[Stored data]
((

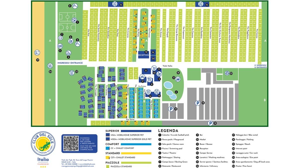 ok. 4,5 km od centrum VIAREGGIO ze sklepami, restauracjami, barami i mariną, przy Parku Krajobrazowym Migliarino San Rossore, ok. 4 km od jeziora Massaciuccoli, ok. 20 km od Pizy; ok. 26 km od lotniska w Pizie.
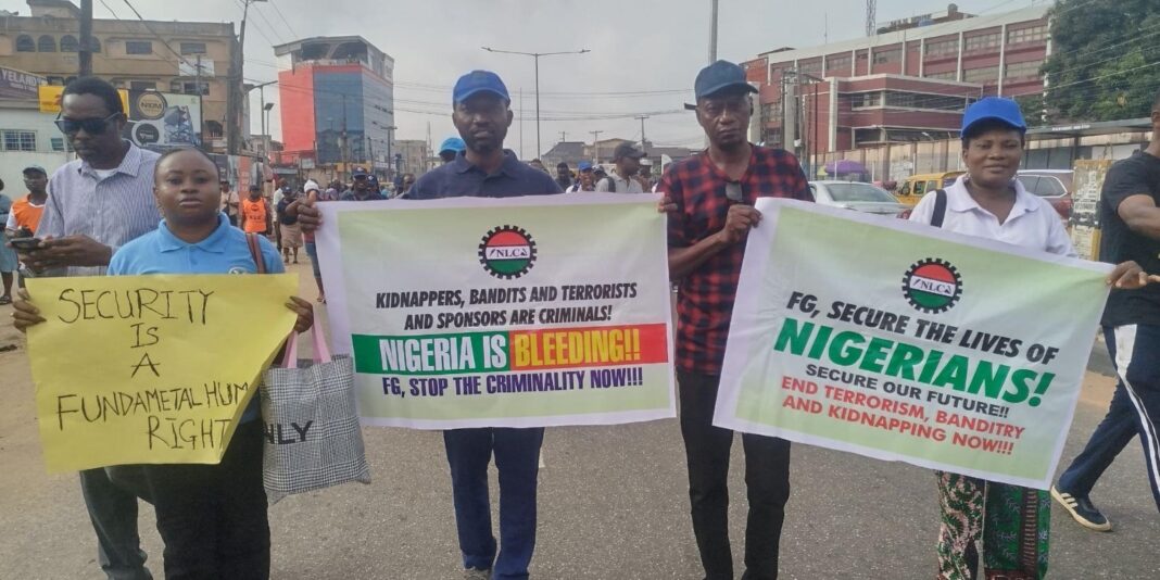 The Nigeria Labour Congress (NLC), in partnership with several civil society organisations, staged a protest in Lagos State on Wednesday, highlighting the deteriorating security situation across the country.
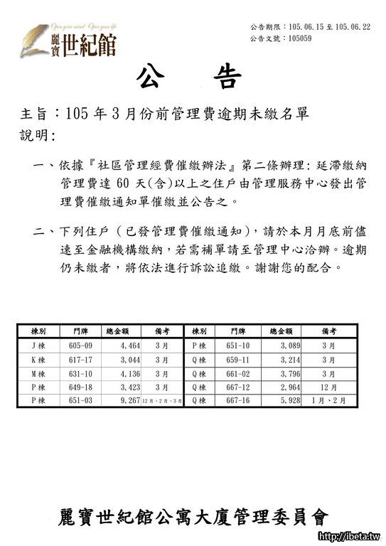 105059 105年3月份前管理費逾期未繳名單
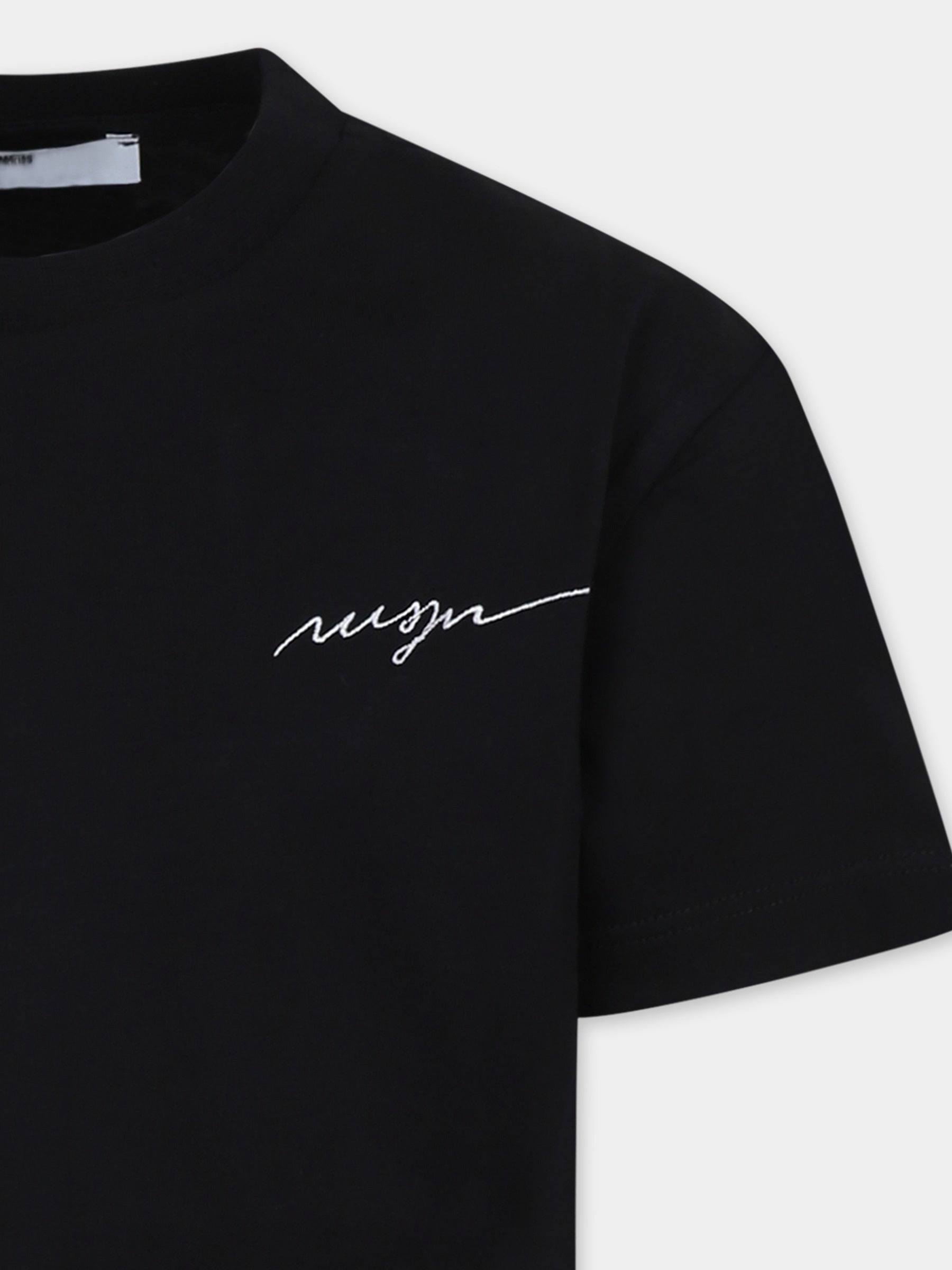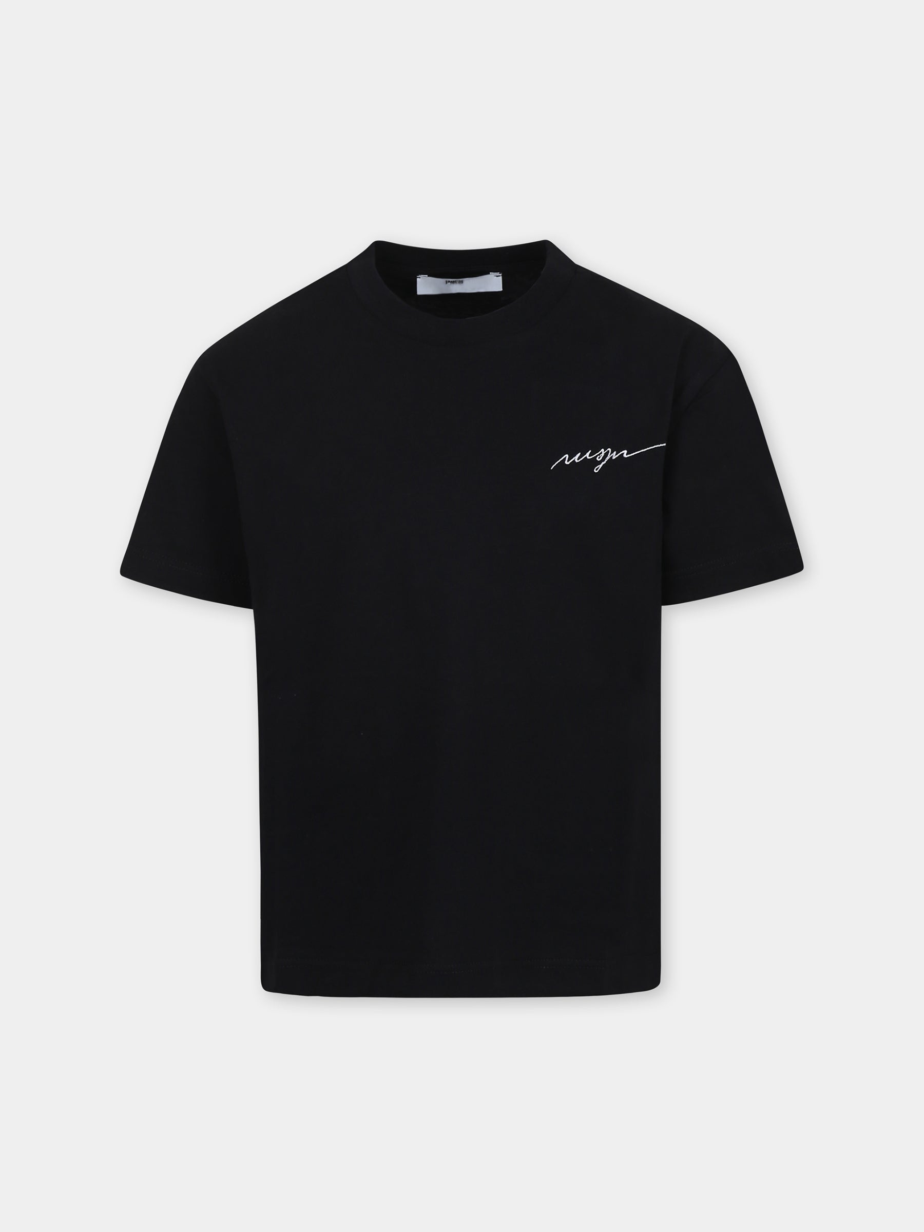 Colore: Nero Descrizione: T-shirt nera in cotone, con maniche corte e girocollo a costine. È decorata con logo MSGM ricamato sul petto. Made in Italy Dettagli: 100% Cotone. Lavare a 30°C.
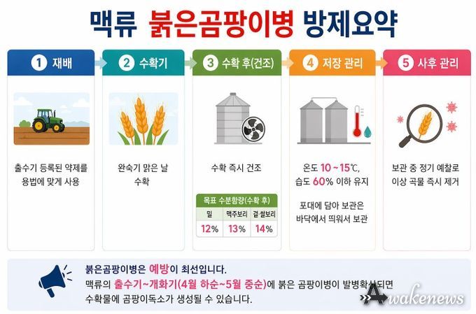 어웨이크뉴스 오경하 기자 | 이천시는 맥류의 본격적인 출수기(40%출수) ~ 개화기(출수 후 5~10일)를 맞아 붉은곰팡이병 방제를 당부한다고 전했다. 최근 봄철의 기온상승과 강우량의 상황에 따라서 맥류의 붉은곰팡이병 방제 중요성을 강조했다.
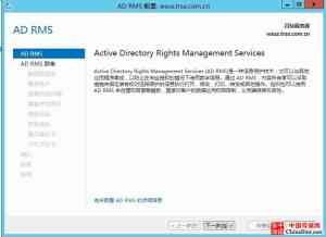 10、确定之后继续,选择加密模式2,下一步,选择AD RMS集中管理的密钥存储,下一步, 输入AD RMS群集密钥密码

))

| Instructions for the task |
Leave out all pictures and retype precisely the lines that run from the line containing "105059 105年3月份前管理費逾期未繳名單" to the last line of the records.

| Answer to this task |
 105059 105年3月份前管理費逾期未繳名單
 Colore: Nero Descrizione: T-shirt nera in cotone, con maniche corte e girocollo a costine. È decorata con logo MSGM ricamato sul petto. Made in Italy Dettagli: 100% Cotone. Lavare a 30°C.
 어웨이크뉴스 오경하 기자 | 이천시는 맥류의 본격적인 출수기(40%출수) ~ 개화기(출수 후 5~10일)를 맞아 붉은곰팡이병 방제를 당부한다고 전했다. 최근 봄철의 기온상승과 강우량의 상황에 따라서 맥류의 붉은곰팡이병 방제 중요성을 강조했다.
 10、确定之后继续,选择加密模式2,下一步,选择AD RMS集中管理的密钥存储,下一步, 输入AD RMS群集密钥密码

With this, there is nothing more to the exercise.